Читаем без скачивания Мандолина капитана Корелли - Луи де Берньер
Шрифт:
Интервал:
Закладка:
С огромным облегчением, в полуобмороке она добралась до писем, в которых постепенно начали преобладать местные новости. Голос у нее просветлел, она расслабилась. Но Мандрас внезапно завопил, колотя кулаками по ляжкам:
– Не хочу этого! Не надо эти места! Я не хочу слушать про то, как все огорчены, что я не пишу! Хочу другое!
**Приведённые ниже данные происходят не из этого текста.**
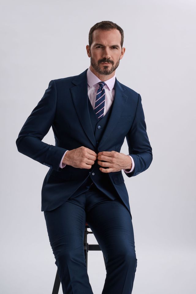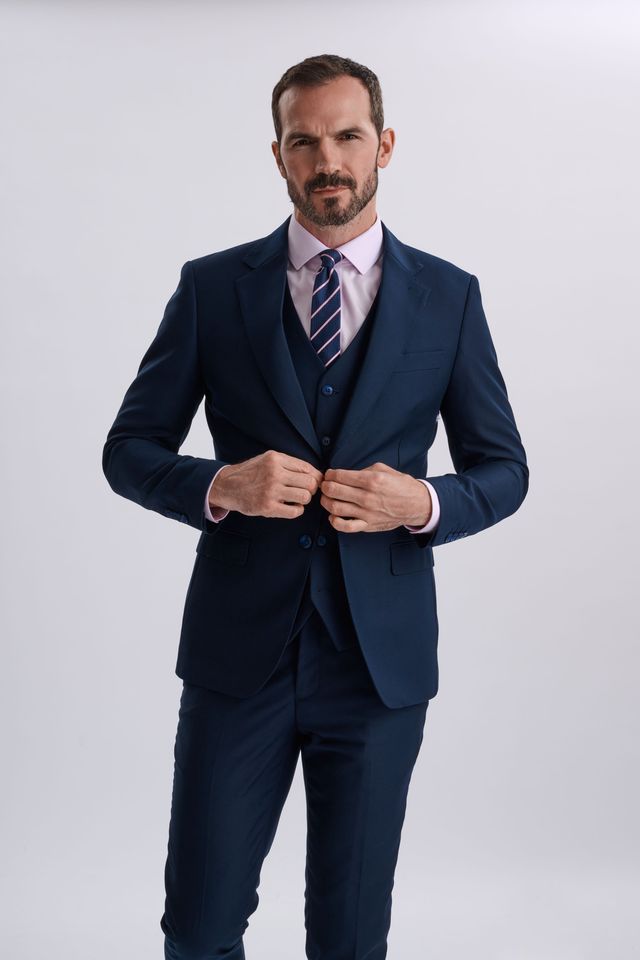 Refined, modern, and effortlessly versatile — the Fabio Navy Three Piece Suit is a statement of contemporary elegance. Tailored from a premium wool-blend fabric, this impeccably cut ensemble features a single-breasted jacket, a five-button waistcoat, and slim-fit trousers, all in a rich navy hue that complements every skin tone and occasion.

Его голос, капризный, как у избалованного ребенка, раздражал ее, но она, опасаясь его напора и мстительного безумия, продолжала читать, опуская все места, кроме тех, где говорилось о разнообразии и особенностях ее нежности.
– Письма становятся очень короткими! – кричал он. – Они слишком короткие! Думаешь, я не понимаю, что это значит? – Он выхватил последнее письмо с низу пачки и замахал им у нее перед лицом.
– Вот, смотри! – воскликнул он. – Четыре строчки, и всё! Думаешь, я не понимаю? Читай!
Пелагия взяла письмо и прочла его про себя, уже зная, что в нем говорится. «Ты ни разу не написал мне, вначале мне было грустно и тревожно, теперь я понимаю – тебе всё равно, из-за этого и я потеряла свою любовь. Я хочу, чтобы ты знал – я решила освободить тебя от твоих обещаний. Прости».
– Читай, – требовал Мандрас.
Пелагия пришла в ужас. Она повертела листки и успокаивающе улыбнулась:
– У меня такой кошмарный почерк, не уверена, что смогу разобрать его.
– Читай!
Она откашлялась и с дрожью в голосе сочинила: «Мой дорогой, пожалуйста, вернись ко мне скорее. Я так скучаю по тебе, так стремлюсь к тебе, ты и представить не можешь. Берегись пуль и…» – Она запнулась – ее тошнило от вынужденного двуличия своей роли в этой игре. Наверное, это похоже на изнасилование отвратительным мужиком.
– И – что? – настаивал Мандрас.
– «…и не знаю, как сказать тебе, как сильно я люблю тебя», – проговорила Пелагия, в отчаянии закрывая глаза.
– Прочти предыдущее письмо.
Оно начиналось так: «Вчера мне показалось, что я видела ласточку, а это значит, что опять приходит весна. Отец…», но она помедлила и снова принялась сочинять: «Дорогой мой, мне кажется, что ты – как ласточка, которая улетела, но однажды вернется в гнездышко, которое я свила для тебя в своем сердце…»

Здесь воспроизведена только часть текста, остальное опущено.